Scope of application of Article 8 (3) of the Land Excess Profits Tax Act

Summary of Judgment

According to the provisions of Article 8 (3) of the Land Excess Profit Tax Act, land which is already prohibited from being used as a provision of law before its acquisition is not excluded from idle land, and the Land Excess Profit Tax Act is first intended to recover non-income, such as development gains, as tax, but it is also an important purpose to restrain speculative demand for idle land, etc. by means of tax. Since the acquisition of land, the use of which has already been restricted by law, in itself, is recognized to have acquired the land for the purpose of speculation, it does not constitute an unreasonable discrimination by treating such person differently from land owners imposed by law after its acquisition, and it does not change by acquiring the land before its enforcement, unless there is a special transitional provision.

[Reference Provisions]

Article 8(3) of the Land Excess Profits Tax Act

Plaintiff-Appellee

Plaintiff

Defendant-Appellant

Head of Gwangju District Tax Office

Judgment of the lower court

Seoul High Court Decision 94Gu25836 delivered on February 7, 1995

Text

The judgment below is reversed and the case is remanded to Seoul High Court.

Reasons

We examine the grounds of appeal.

According to the reasoning of the judgment below, although Article 8 (3) of the Land Excess Profit Tax Act provides that land, the use of which is prohibited by law, after its acquisition, shall not be deemed idle land for a certain period. However, regardless of the time of its acquisition, it is reasonable to not regard the land, the use of which is restricted by law, and even if not, it is reasonable to apply the above provision to the person who acquired the land before the enforcement of the above Act, at least after the acquisition of the land, regardless of whether the restriction on the use under law was incurred after the acquisition of the land, and it is reasonable to apply the above provision to the person who acquired the land before the enforcement of the above Act, and is designated as the land rearrangement zone on December 30, 196 and prohibited from using the land as a site for construction.

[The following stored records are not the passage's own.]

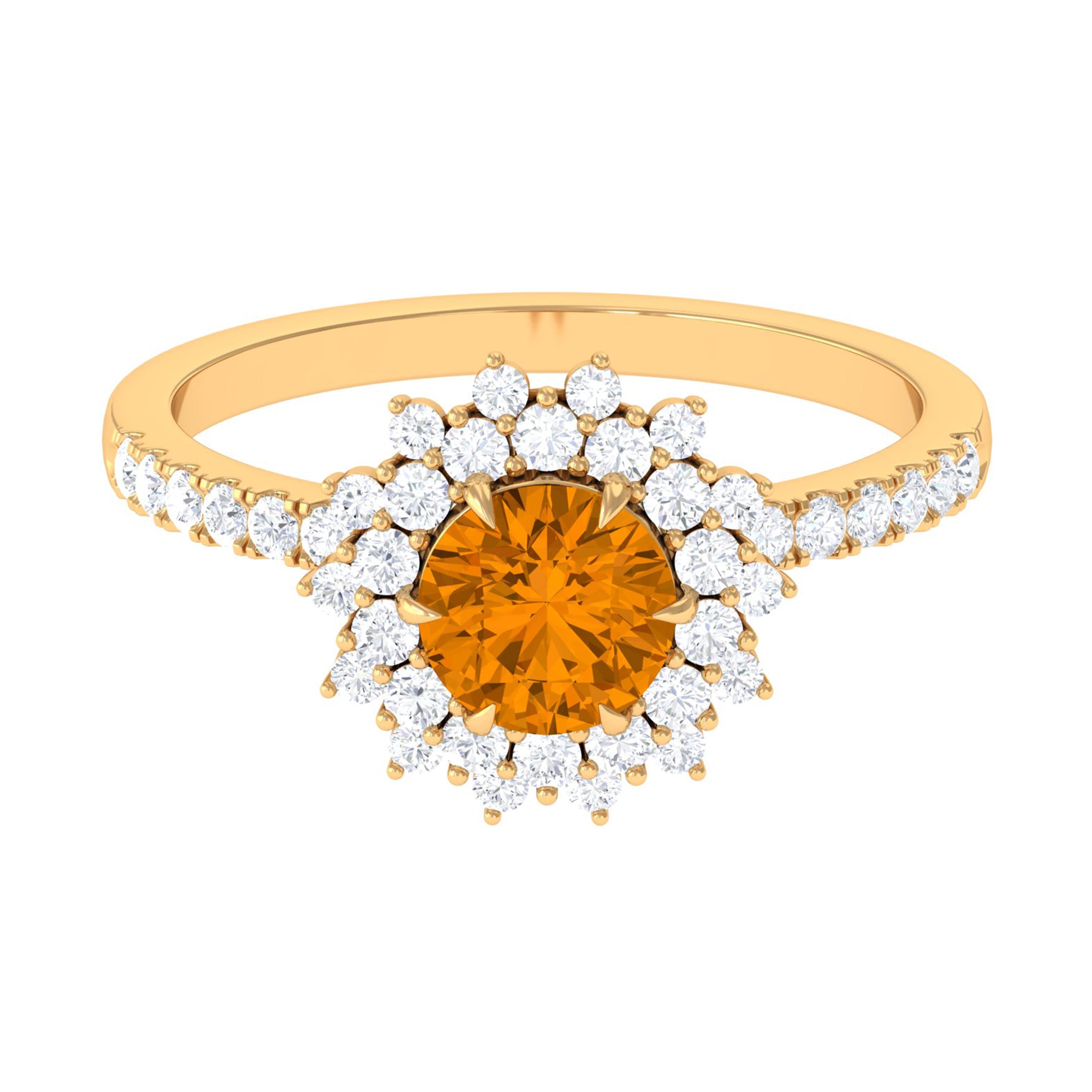 Round Citrine Statement Engagement Ring with Moissanite Cluster Halo
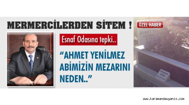 Ancak merhum Yenilmez’in mezar taşlarının Konya’da bir firmaya yaptırılması Karamanlı mermercileri üzdü. Bu konuda oda’ya sitem eden mermerciler gazetemize dert yandı. Mermerciler yaptığı açıklamada,
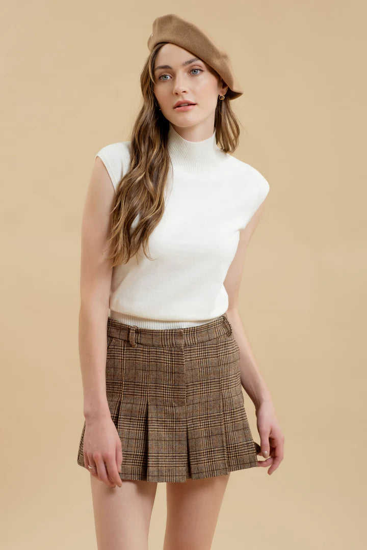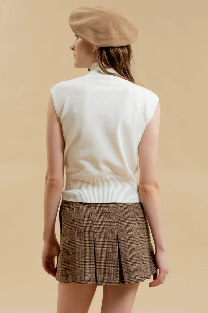This sleeveless ribbed trim shell top is perfect for any occasion. Made from a soft sweater knit and featuring a turtle neck collar, this pullover is a must-have for your wardrobe. Comes in a gorgeous cream color.
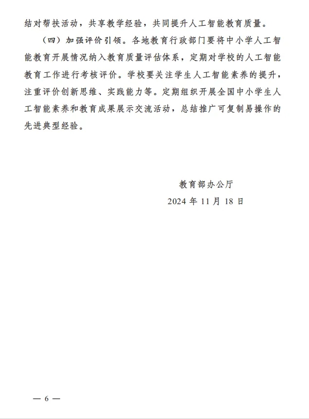 教育部組建AI教育工作專家委員會。各地教育行政部門成立AI教育領導小組,負責規(guī)劃、協(xié)調(diào)、推進和評估工作。
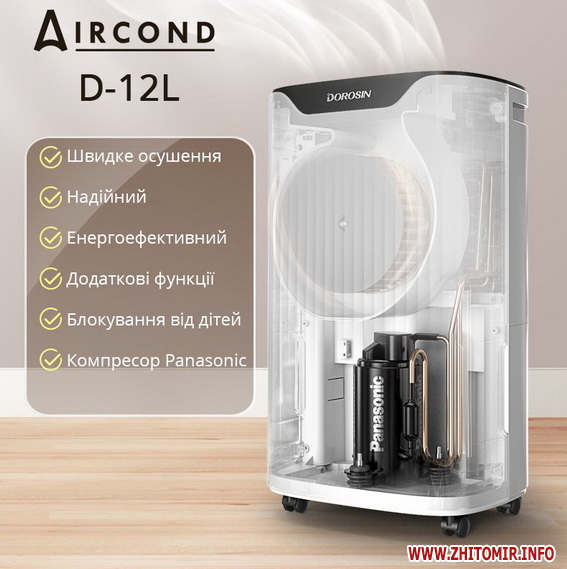 Одна з найпопулярніших моделей цього року — Aircond D-30L. Прилад працює на надійному двороторному компресорі Panasonic, що забезпечує довговічну роботу та енергоефективність. Aircond D-30L витягує з повітря до 30 літрів води / добу та має 3 роки гарантії. Завдячуючи своїй високій продуктивності, прилад підходить для великих квартир, офісів та будинків. Призначений для кімнати площею до 70 м кв.

However, Article 8 (3) of the Land Excess Profit Tax Act provides that "land falling under idle land, etc. due to the prohibition of use due to the statutory provisions after the acquisition of the land shall not be deemed idle land, etc." Thus, the land which is already prohibited from being used by the statutory provisions before its acquisition shall not be excluded from idle land, and the land excess profit tax law aims first to recover non-income, such as development gains, into tax, but it is an important purpose to restrain speculative demand for idle land, etc. by means of tax, and it is recognized that the acquisition of land, the use of which has already been restricted by the statutory provisions, by itself, has acquired the land for the purpose of speculation. Therefore, it does not constitute an unreasonable discrimination by treating such person differently from the land owner imposed by the statutory regulations after its acquisition, and it does not mean that the land has been acquired before its enforcement, unless there is any special provision.

Therefore, the judgment of the court below is erroneous in the misunderstanding of legal principles as to the above provision, which affected the conclusion of the judgment.

Therefore, the lower judgment is reversed, and the case is remanded to the lower court for further proceedings consistent with this Opinion. It is so decided as per Disposition by the assent of all participating Justices on the bench.